*** Data listing Section Begins ***

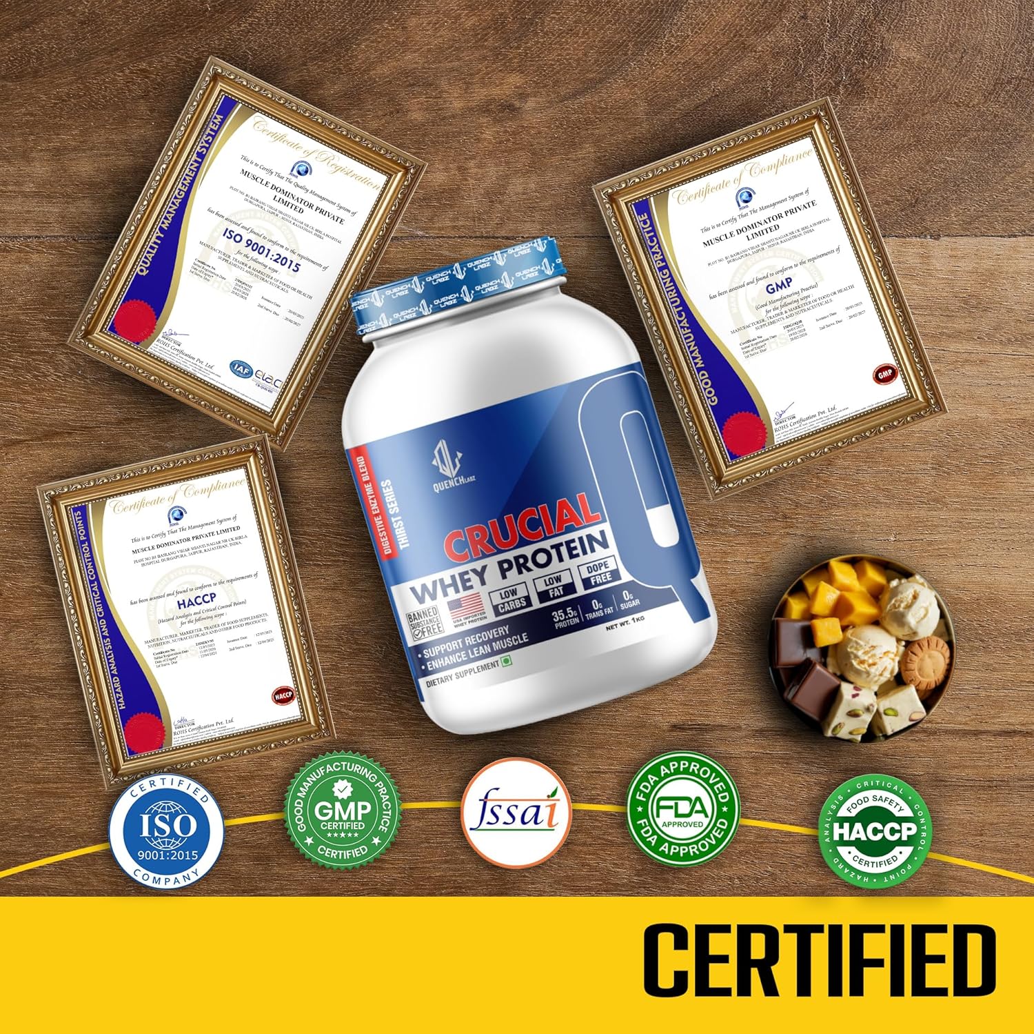 Certified & Trusted: Manufactured in FDA-approved facilities with certifications like GMP, FSSAI, ISO 9001:2015, and HACCP to ensure the highest safety standards.
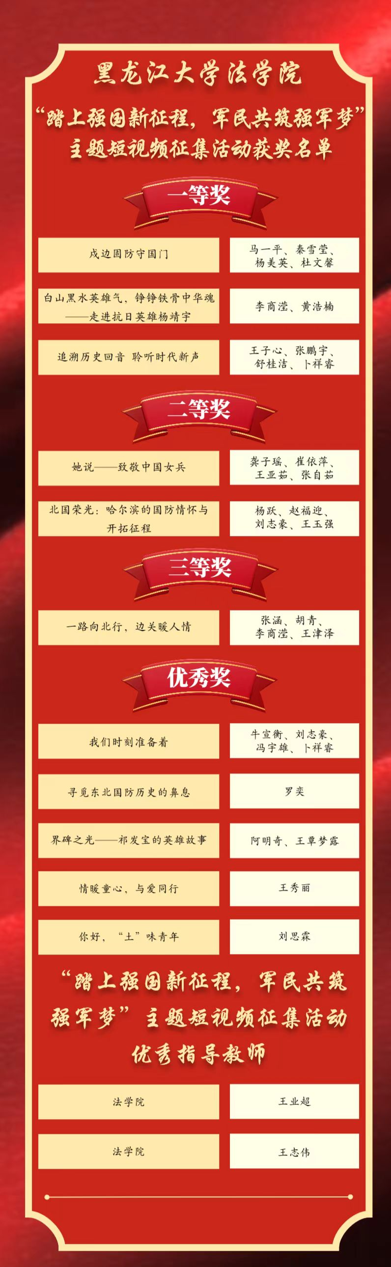 结合工作实际,积极组织、广泛动员,各年级辅导员从内容选材、形式设计、作品主旨等方面给予精心指导,共计推荐11支队伍参赛,累计3支队伍荣获一等奖,2支队伍荣获二等奖,1支队伍荣获三等奖,5支队伍荣获优秀奖,王业超、王志伟获评“优秀指导教师”,炸金花下载
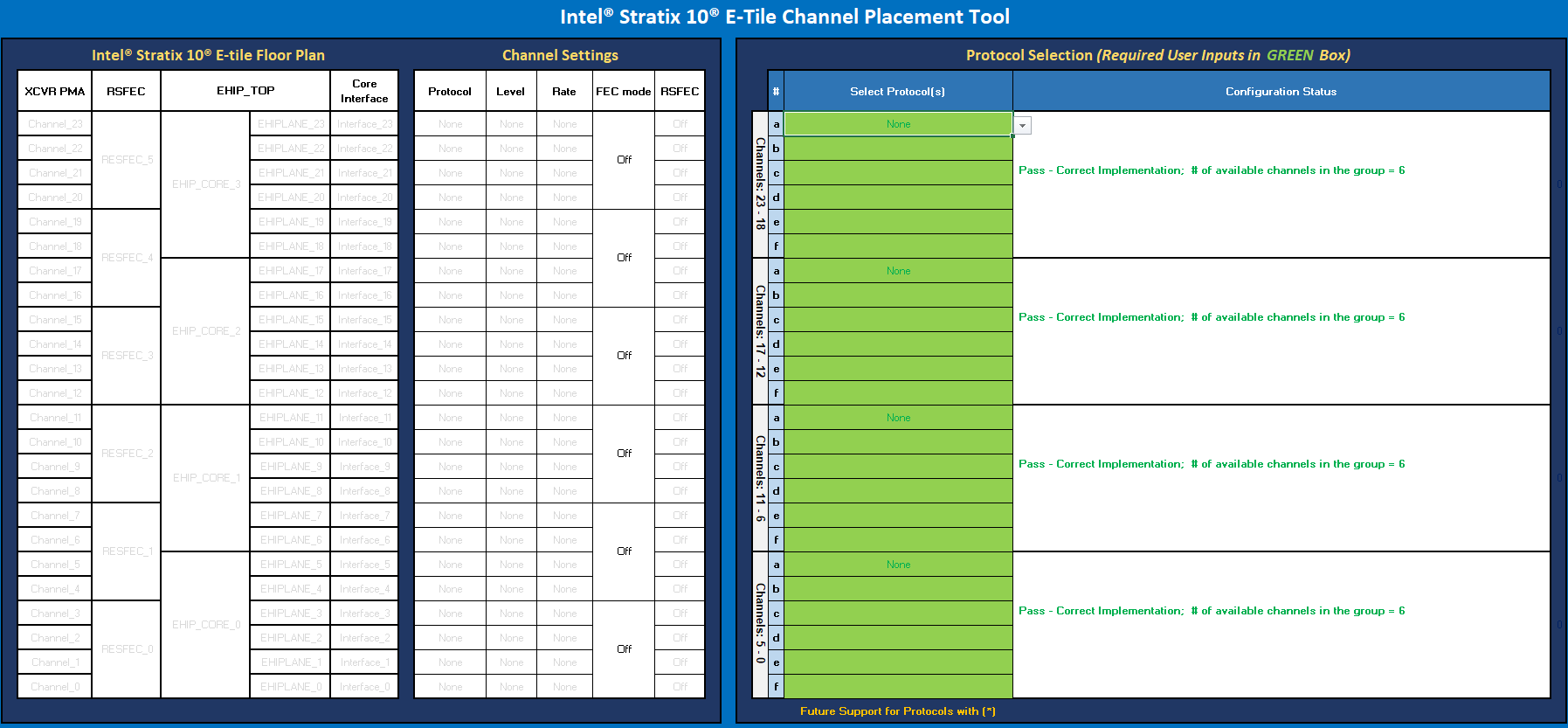 E-tile supports datacenters, 5G networks, Smart Grid and other market segments. Ethernet, CPRI and OTN are the backbone of these emerging and traditional technologies. The E-Tile Channel Placement Tool, in conjunction with the Device Family Pin Connection Guidelines, allows you to swiftly plan protocol placements in the product prior to reading comprehensive documentation and implementing designs in Intel® Quartus® Prime.
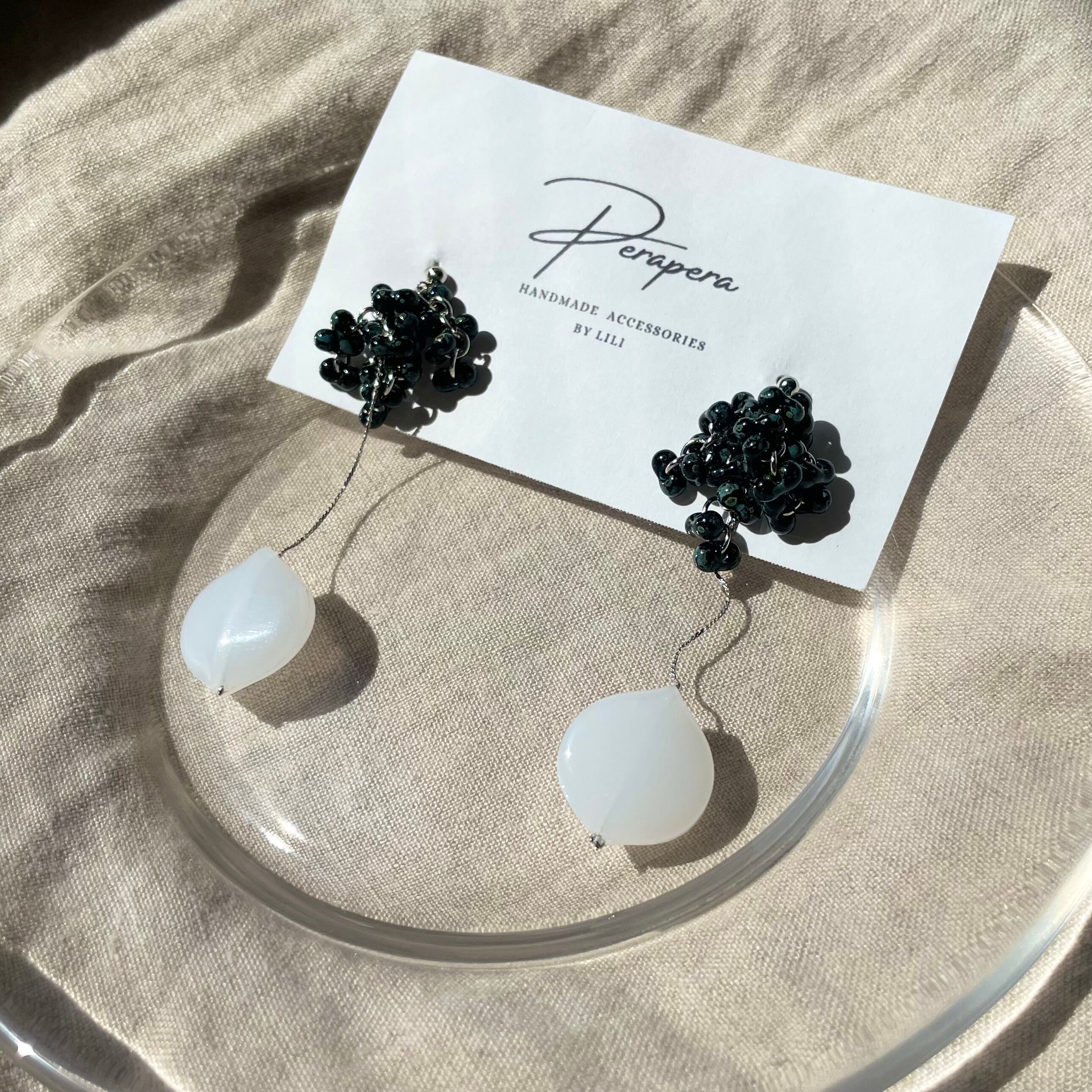 個性的な形のヴィンテージビーズを使用した、黒と白のコントラストが目を引くピアスです。
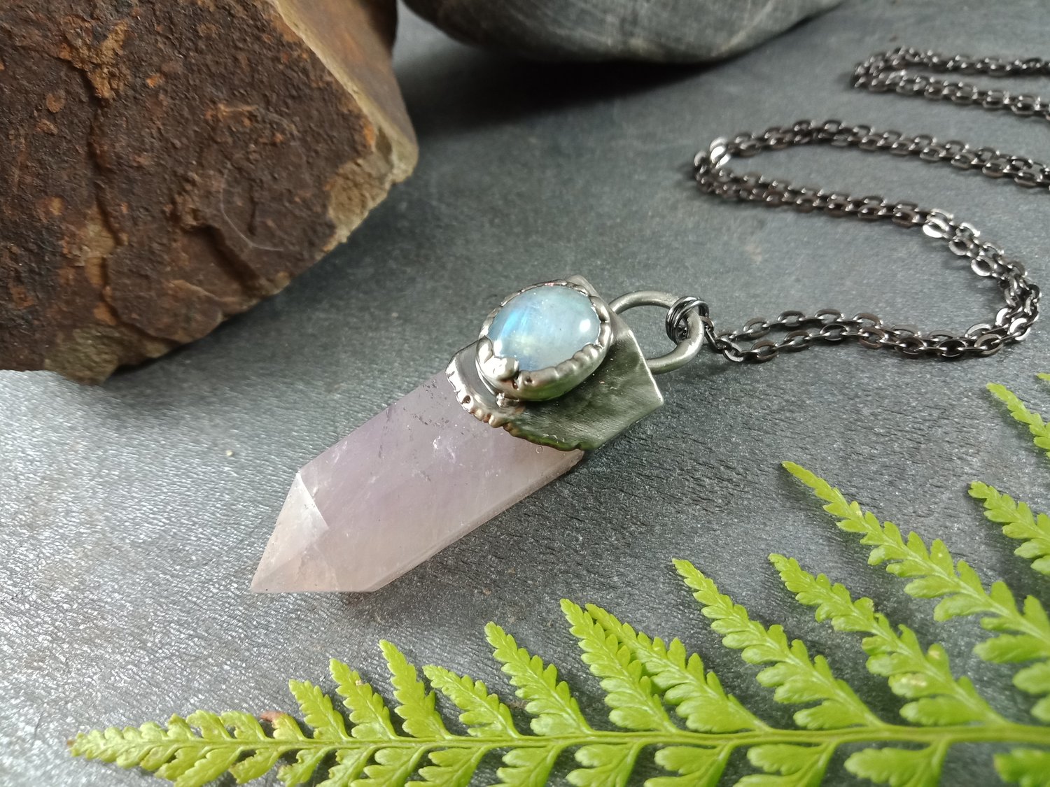 This handcrafted Amethyst & Moonstone Pendant combines the raw beauty of natural crystal with timeless design. A genuine amethyst crystal point forms the centerpiece, paired with a glowing blue fire moonstone cabochon that shimmers with subtle flashes of colour.
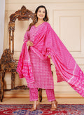 Floral Print 3/4 Sleeve Pink Color Pure Cotton Kurti

*** Data listing Section Ends ***

Exercise >>
For this exercise, write out exactly the lines from the one with "This handcrafted Amethyst" through the last line of the records, inclusive, and leave each picture out.

Solution for this problem >>
 This handcrafted Amethyst & Moonstone Pendant combines the raw beauty of natural crystal with timeless design. A genuine amethyst crystal point forms the centerpiece, paired with a glowing blue fire moonstone cabochon that shimmers with subtle flashes of colour.
 Floral Print 3/4 Sleeve Pink Color Pure Cotton Kurti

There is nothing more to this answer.